考虑以下代码,其中一个仿函数derived继承自两个基类base1,base2每个基类提供不同的重载:

// Preamble
#include <iostream>
#include <functional>
#include <type_traits>

// Base 1
struct base1 {
    void operator()(int) const {
        std::cout << "void base1::operator()(int) const\n";
    }
    void operator()(double) const {
        std::cout << "void base1::operator()(double) const\n";
    }
    template <class Arg, class... Args>
    void operator()(const Arg&, Args&&...) const {
        std::cout << "void base1::operator()(const Arg&, Args&&...) const\n";
    }
};

// Base 2
struct base2 {
    void operator()(int) {
        std::cout << "void base2::operator()(int)\n";
    }
    void operator()(double) {
        std::cout << "void base2::operator()(double)\n";
    }
};

// Derived
struct derived: base1, base2 {
    using base1::operator();
    using base2::operator();
    void operator()(char) {
        std::cout << "void derived::operator()(char)\n";
    }
};

// Call
template <class F, class... Args>
void call(F&& f, Args&&... args) {
    std::invoke(std::forward<F>(f), std::forward<Args>(args)...);
}

// Main
int main(int argc, char* argv[]) {
    const derived d1;
    derived d2;
    derived d3;
    call(d1, 1);    // void base1::operator()(int) const
    call(d2, 1);    // void base2::operator()(int)
    call(d1, 1, 2); // void base1::operator()(const Arg&, Args&&...) const
    call(d2, 1, 2); // void base1::operator()(const Arg&, Args&&...) const
    call(d3, 'a');  // void derived::operator()(char)
    return 0;
}

结果输出是:

void base1::operator()(int) const
void base2::operator()(int)
void base1::operator()(const Arg&, Args&&...) const
void base1::operator()(const Arg&, Args&&...) const
void derived::operator()(char)

这说明根据参数,选定的重载可以来自base1,base2或derived.

我的问题是:是否有可能在编译时通过创建一个类型特征来检测哪个类提供了所选的重载？

这将具有以下形式:

template <
    class Base1,   // Possibly cv-ref qualified base1
    class Base2,   // Possibly cv-ref qualified base2
    class Derived, // Possibly cv-ref qualified derived
    class... Args  // Possibly cv-ref qualified args
>
struct overload_origin {
    using base1 = std::decay_t<Base1>;
    using base2 = std::decay_t<Base2>;
    using derived = std::decay_t<Derived>;
    using type = /* base1, base2, or derived * /
};

并且当在使用call在前面的示例中代码的功能,将具有overload_origin::type指的base1,base2,base1,base1,derived用于在示例代码示出的五个电话.

如何用模板元编程实现这样的事情？

Answer 1

derived您可以从和派生一个类base1。
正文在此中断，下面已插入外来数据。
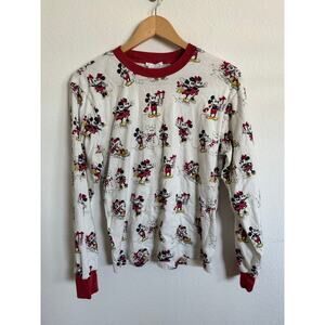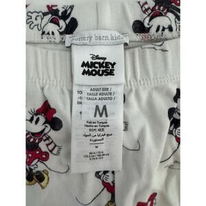 Super soft and comfortable adult medium Christmas pajamas with Mickey and Minnie sledding. Cream white background with red trim. Like new condition and very comfy.

这样，所有operator()对 from的调用base1都会不明确：

struct derived_check: base1, derived {
    using base1::operator();
    using base2::operator();
};
// Main
int main(int argc, char* argv[]) {
    const derived_check d1;
    derived_check d2;
    derived_check d3;
    call(d1, 1);    // error:ambiguous
    call(d2, 1);    // OK
    call(d1, 1, 2); // error:ambiguous
    call(d2, 1, 2); // error:ambiguous

    return 0;
}

然后，您可以使用基本的检测技巧来创建您的检测类型特征。